**What you are asked to do:** From the material below, copy exactly the lines beginning with the one that contains "U.S. regulatory compliance" and ending with the one that contains "وَلَوْلَا فَضْلُ اللَّهِ"; the pictures stay out.

**Records supplied:**
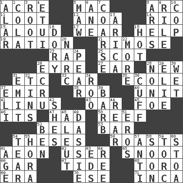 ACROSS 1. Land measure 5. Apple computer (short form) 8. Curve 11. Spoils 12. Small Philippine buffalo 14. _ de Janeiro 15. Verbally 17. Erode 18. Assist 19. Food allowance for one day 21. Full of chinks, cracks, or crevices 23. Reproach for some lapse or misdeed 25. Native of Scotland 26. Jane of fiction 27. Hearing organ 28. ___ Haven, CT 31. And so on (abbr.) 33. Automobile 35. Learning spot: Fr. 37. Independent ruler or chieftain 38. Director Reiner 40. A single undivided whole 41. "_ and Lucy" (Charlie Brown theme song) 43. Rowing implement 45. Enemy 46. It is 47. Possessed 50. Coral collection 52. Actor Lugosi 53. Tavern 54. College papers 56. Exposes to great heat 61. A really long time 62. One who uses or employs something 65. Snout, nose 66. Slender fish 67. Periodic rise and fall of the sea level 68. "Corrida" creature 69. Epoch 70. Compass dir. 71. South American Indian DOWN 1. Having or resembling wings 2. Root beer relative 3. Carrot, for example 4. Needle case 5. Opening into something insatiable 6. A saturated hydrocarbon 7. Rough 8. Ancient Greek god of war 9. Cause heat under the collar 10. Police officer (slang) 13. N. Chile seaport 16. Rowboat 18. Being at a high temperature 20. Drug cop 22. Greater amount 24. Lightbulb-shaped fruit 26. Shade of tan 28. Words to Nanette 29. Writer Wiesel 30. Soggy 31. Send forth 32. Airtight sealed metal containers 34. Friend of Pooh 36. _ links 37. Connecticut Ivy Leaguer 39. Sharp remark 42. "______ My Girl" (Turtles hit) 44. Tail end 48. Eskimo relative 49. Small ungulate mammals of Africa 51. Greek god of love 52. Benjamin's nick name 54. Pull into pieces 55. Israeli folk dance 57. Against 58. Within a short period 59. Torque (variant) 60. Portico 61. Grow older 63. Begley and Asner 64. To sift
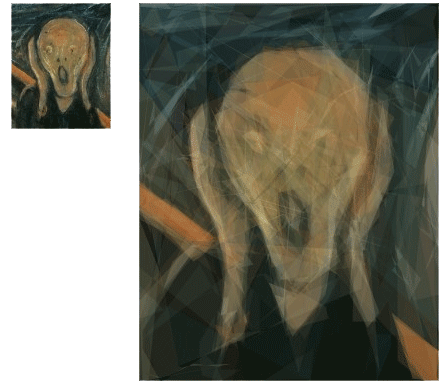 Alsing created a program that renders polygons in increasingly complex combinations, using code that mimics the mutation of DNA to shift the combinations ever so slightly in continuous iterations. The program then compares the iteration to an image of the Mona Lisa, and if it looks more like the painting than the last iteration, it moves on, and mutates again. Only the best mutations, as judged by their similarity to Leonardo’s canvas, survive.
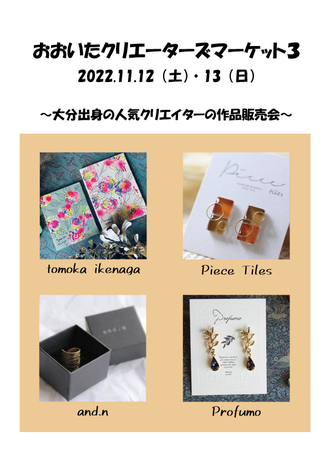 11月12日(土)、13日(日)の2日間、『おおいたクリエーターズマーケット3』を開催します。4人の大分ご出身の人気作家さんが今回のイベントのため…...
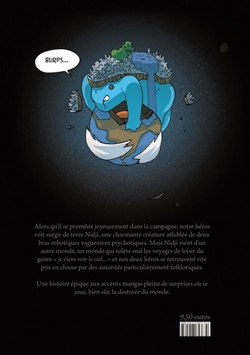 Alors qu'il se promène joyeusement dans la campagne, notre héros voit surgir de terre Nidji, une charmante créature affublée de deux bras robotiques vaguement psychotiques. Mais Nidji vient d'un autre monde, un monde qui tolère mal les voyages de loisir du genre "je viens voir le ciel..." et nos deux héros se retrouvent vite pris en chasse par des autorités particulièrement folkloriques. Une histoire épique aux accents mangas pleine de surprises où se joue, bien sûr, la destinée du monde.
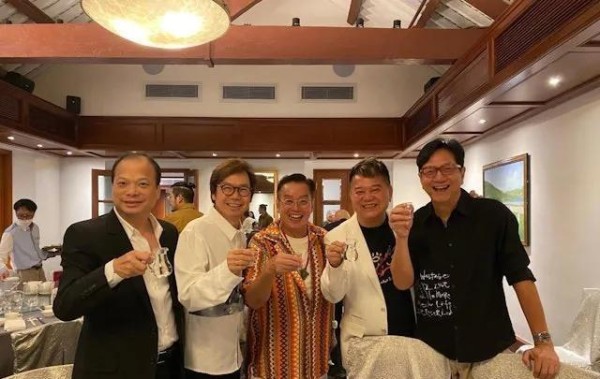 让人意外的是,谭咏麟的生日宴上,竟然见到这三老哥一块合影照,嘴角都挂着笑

--

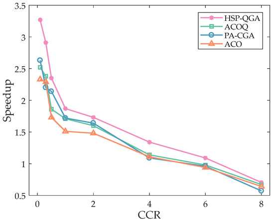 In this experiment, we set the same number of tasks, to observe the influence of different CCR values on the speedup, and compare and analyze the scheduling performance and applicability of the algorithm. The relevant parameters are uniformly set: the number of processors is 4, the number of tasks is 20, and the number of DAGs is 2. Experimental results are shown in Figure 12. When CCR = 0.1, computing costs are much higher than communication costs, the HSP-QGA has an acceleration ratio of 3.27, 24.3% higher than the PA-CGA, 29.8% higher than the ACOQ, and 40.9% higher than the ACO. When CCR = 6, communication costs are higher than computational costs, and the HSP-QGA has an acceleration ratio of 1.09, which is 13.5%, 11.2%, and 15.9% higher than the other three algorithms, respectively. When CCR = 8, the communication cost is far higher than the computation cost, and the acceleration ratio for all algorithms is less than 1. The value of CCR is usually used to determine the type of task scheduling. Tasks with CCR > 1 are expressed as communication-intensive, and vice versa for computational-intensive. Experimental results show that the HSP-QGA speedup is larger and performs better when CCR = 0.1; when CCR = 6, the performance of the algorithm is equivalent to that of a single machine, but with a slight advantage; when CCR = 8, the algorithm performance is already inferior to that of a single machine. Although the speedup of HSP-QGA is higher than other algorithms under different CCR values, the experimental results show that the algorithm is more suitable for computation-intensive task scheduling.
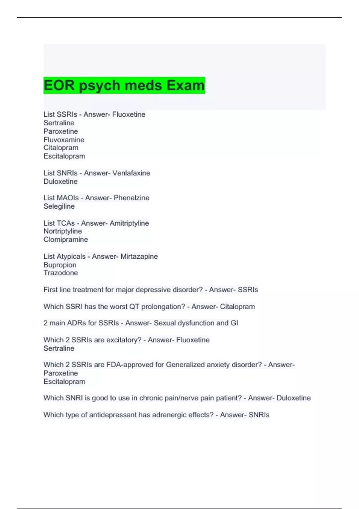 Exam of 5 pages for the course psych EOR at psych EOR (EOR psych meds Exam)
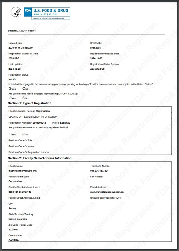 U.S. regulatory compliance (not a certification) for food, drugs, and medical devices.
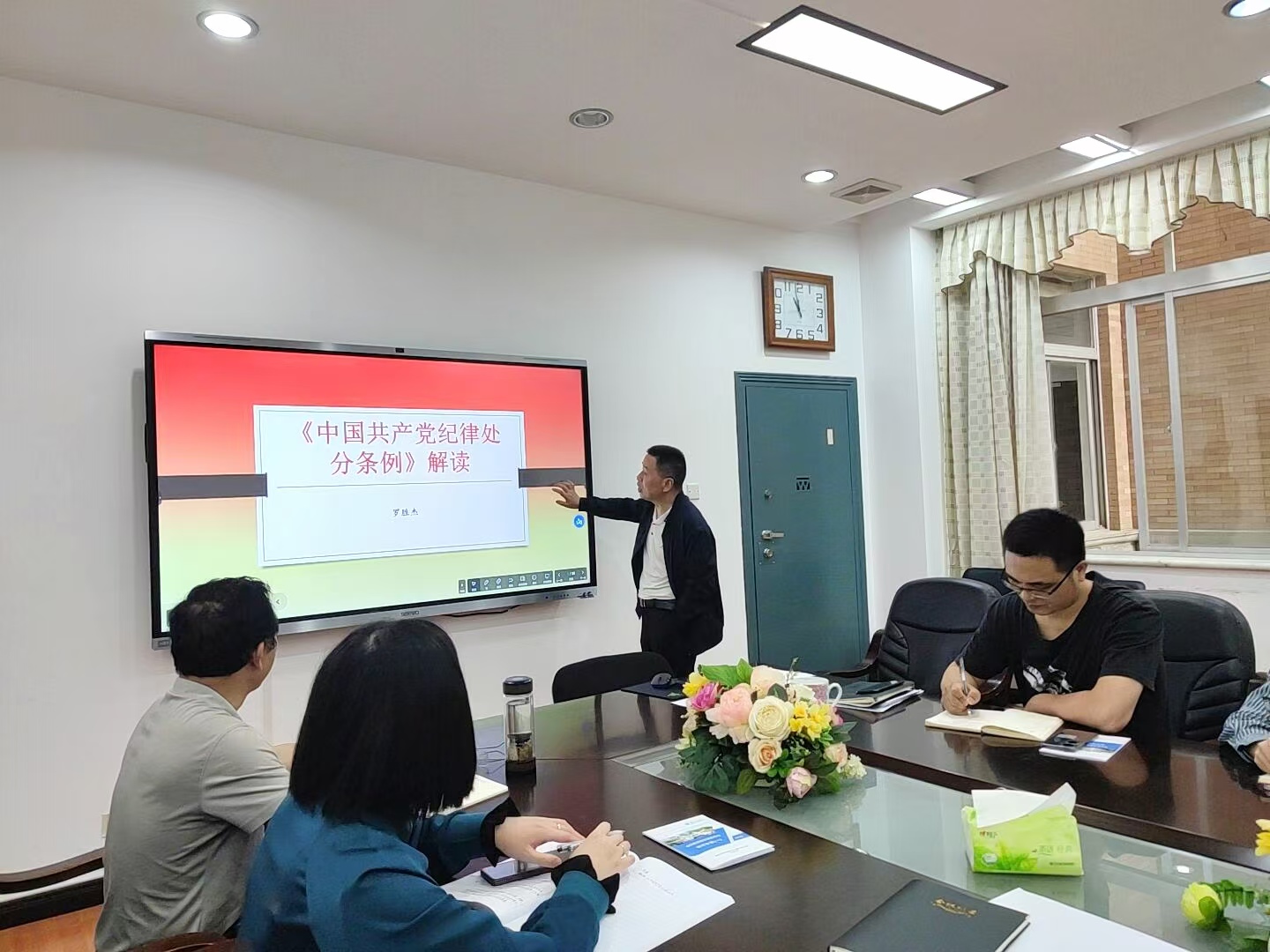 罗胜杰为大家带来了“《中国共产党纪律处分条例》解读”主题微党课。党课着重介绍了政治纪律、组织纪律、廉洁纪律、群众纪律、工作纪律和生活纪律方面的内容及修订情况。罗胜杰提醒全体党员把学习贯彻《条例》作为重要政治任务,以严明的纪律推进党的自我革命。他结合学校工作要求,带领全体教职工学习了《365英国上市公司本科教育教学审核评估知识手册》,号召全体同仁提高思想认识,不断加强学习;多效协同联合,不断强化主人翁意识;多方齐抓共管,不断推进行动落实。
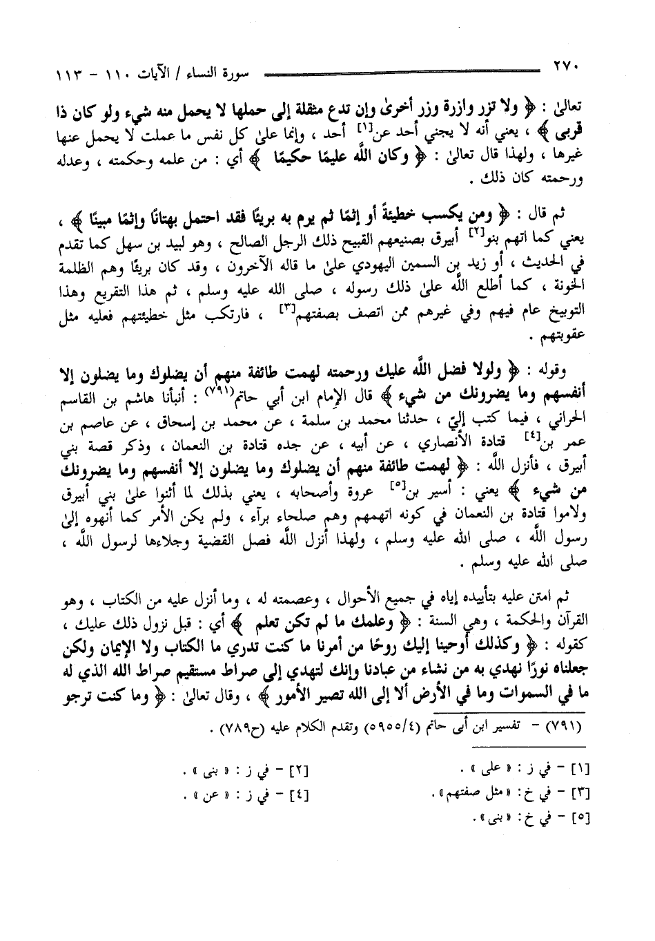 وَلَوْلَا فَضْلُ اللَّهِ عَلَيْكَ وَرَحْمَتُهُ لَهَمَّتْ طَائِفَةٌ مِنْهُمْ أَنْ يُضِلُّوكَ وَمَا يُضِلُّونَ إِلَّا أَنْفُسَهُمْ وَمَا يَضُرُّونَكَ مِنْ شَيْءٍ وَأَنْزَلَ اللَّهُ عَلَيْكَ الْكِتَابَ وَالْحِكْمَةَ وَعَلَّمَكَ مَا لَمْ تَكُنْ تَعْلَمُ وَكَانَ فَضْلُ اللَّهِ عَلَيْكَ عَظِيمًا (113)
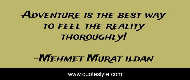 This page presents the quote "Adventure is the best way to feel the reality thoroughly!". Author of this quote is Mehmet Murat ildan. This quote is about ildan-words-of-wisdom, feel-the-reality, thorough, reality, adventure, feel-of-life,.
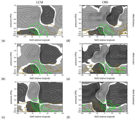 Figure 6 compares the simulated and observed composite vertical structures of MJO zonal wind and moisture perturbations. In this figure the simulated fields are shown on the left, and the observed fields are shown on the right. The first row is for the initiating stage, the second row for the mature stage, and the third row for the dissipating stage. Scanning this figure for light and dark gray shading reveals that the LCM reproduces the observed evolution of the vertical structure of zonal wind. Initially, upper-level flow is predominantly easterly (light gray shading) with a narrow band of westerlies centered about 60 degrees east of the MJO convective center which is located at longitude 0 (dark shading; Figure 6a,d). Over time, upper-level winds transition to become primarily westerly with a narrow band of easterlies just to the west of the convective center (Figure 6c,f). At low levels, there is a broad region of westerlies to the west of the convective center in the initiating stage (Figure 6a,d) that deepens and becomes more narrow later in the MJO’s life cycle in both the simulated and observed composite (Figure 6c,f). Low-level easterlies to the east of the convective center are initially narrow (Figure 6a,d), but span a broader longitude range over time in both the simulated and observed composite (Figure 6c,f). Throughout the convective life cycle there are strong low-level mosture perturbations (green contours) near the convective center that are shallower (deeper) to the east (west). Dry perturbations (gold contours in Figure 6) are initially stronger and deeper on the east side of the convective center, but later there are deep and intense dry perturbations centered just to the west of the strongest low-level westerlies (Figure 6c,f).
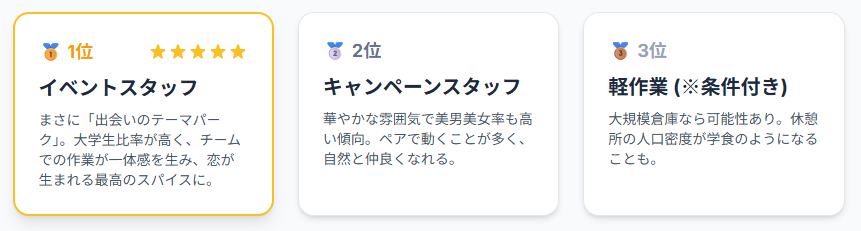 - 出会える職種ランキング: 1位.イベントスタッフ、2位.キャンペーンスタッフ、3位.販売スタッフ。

---

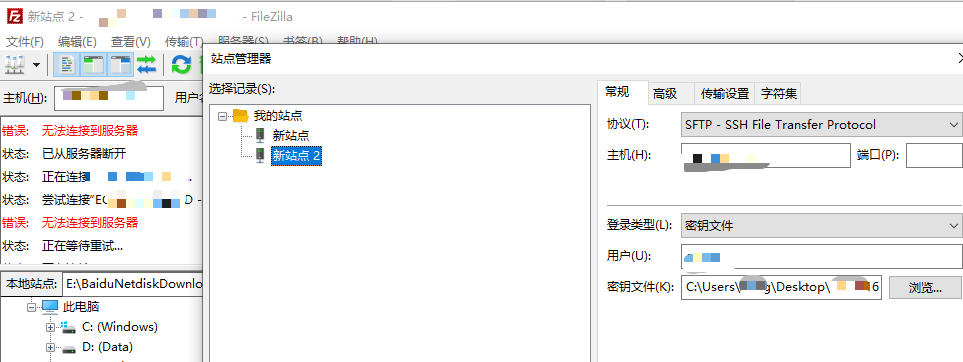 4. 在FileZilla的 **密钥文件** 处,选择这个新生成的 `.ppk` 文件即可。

**Response:**
 U.S. regulatory compliance (not a certification) for food, drugs, and medical devices.
 罗胜杰为大家带来了“《中国共产党纪律处分条例》解读”主题微党课。党课着重介绍了政治纪律、组织纪律、廉洁纪律、群众纪律、工作纪律和生活纪律方面的内容及修订情况。罗胜杰提醒全体党员把学习贯彻《条例》作为重要政治任务,以严明的纪律推进党的自我革命。他结合学校工作要求,带领全体教职工学习了《365英国上市公司本科教育教学审核评估知识手册》,号召全体同仁提高思想认识,不断加强学习;多效协同联合,不断强化主人翁意识;多方齐抓共管,不断推进行动落实。
 وَلَوْلَا فَضْلُ اللَّهِ عَلَيْكَ وَرَحْمَتُهُ لَهَمَّتْ طَائِفَةٌ مِنْهُمْ أَنْ يُضِلُّوكَ وَمَا يُضِلُّونَ إِلَّا أَنْفُسَهُمْ وَمَا يَضُرُّونَكَ مِنْ شَيْءٍ وَأَنْزَلَ اللَّهُ عَلَيْكَ الْكِتَابَ وَالْحِكْمَةَ وَعَلَّمَكَ مَا لَمْ تَكُنْ تَعْلَمُ وَكَانَ فَضْلُ اللَّهِ عَلَيْكَ عَظِيمًا (113)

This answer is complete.